Investigate embedding storage and vector search of X-Ray

Background

In the MVC of X-Ray a cornerstone was laid for RAG system, with building automated documentation about repositories 3rd party libraries. However X-Ray lacks right now any means of ranking different data pieces to asses their relevance to task at hand

Goal

In order to expand X-Ray capabilities in enhancing code generation request context with additional information by providing it with ability to rank for relevance different bits of information it is required to consider semantic search over different snippets. In order to provide semantic search to X-Ray it will be required to:

  1. Process snippets with model capable of generating embeddings vectors
  2. Store generated vectors
  3. Support knn search over stored vectors
  4. Introduce chunking strategy to break big blocks of content into smaller snippets (to be delivered in follow up iteration)

Additional considerations

  1. While working around support for X-Ray it will be good to at least consider cross compatibility with GitLab Duo Chat, to enable broader use of RAG system &12362
  2. When selecting embeddings model it is important to consider if such model could be used along IDE extension to convert user changes on local environment (prospect npm package https://www.npmjs.com/package/ml-knn, https://www.npmjs.com/package/voy-search)
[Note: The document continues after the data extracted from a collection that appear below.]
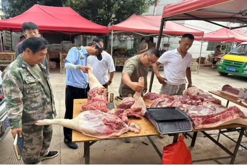 随后,工作人员聚焦肉类摊位开展重点监督。通过查看检验检疫标识、追溯产品来源,与商家面对面交流,详细询问近期猪价及宰杀时间等信息,全面掌握肉类产品流通环节的关键节点,严格遵循“小问题即时整改、大问题及时上报”原则,实现从生产到销售的全过程监管。
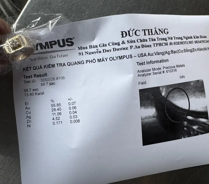 - Vô bằng vàng 14k ( Au55,85 ) đính 22 viên kim Cương Thiên Nhiên loại Sạch đẹp và nước khá Trắng vất chiếu Sáng rất Lửa Lấp Lánh
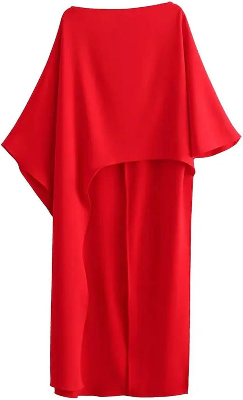 As we dive into the details of this striking Women’s Fashion Casual Loose Red and White Satin Dress with half sleeves and an asymmetric cape style, we find a blend of distinctive charm and comfort. There’s a lot to appreciate, yet a few details to keep in mind.
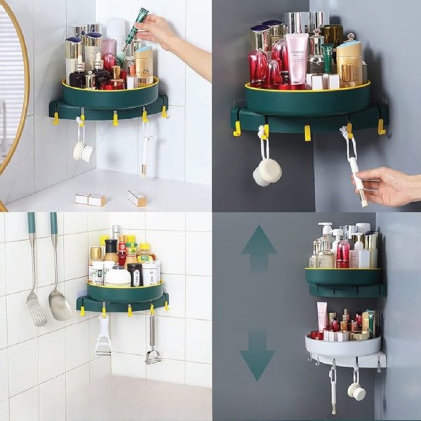 Z vrtljivim kotnim organizatorjem enostavno maksimalno izkoristite neuporabljen prostor v kotu, hkrati pa so vaši predmeti lepo urejeni in na dosegu roke.

Example read / write paths

sequenceDiagram
    actor USR as  User
    participant IDE
    participant GLR as GitLabRails
    participant GLR as GitLabRails
    participant ES as ElasticSearch
    participant VER as VertexAI
    participant AIGW as AIGateway
    USR->>+GLR: commits changes to utils_spec.rb
    GLR->>GLR: triggers indexing job
    GLR->>ES: invalidates embeddings for chunks of utils_spec.rb
    GLR->>GLR: generate new chunks for utils_spec.rb
    GLR->>VER: fetches embeddings for a new utils_spec.rb chunks
    VER->>GLR: embeddings vectors for utils_spec.rb chunks
    GLR->>-ES: index new embeddings for utils_spec.rb chunks    

    USR->>+IDE: types: describe ".add"
    IDE->>+GLR: trigger code generation for line `describe ".add"` 
    GLR->>VER: fetch embedding for instruction "in utils_spec.rb generate test for method add"
    VER->>GLR: embeddings vector for instruction
    GLR->>ES: fetches KNN chunks for instruction embeddings vector
    ES->>GLR: line "def add(a, d)" from utils.rb
    GLR->>AIGW: trigger code generation for line `describe ".add"` includes `def add(a,b)` from `utils.rb` 
    AIGW->>GLR: "do \n it 'adds two numbers' do \n expect(add(1, 2)).to eq 3\nend"
    GLR->>-IDE:"do \n it 'adds two numbers' do \n expect(add(1, 2)).to eq 3\nend"
    IDE->>-USR: Show ghost text  "do \n it 'adds two numbers'...."
Edited by Mikołaj Wawrzyniak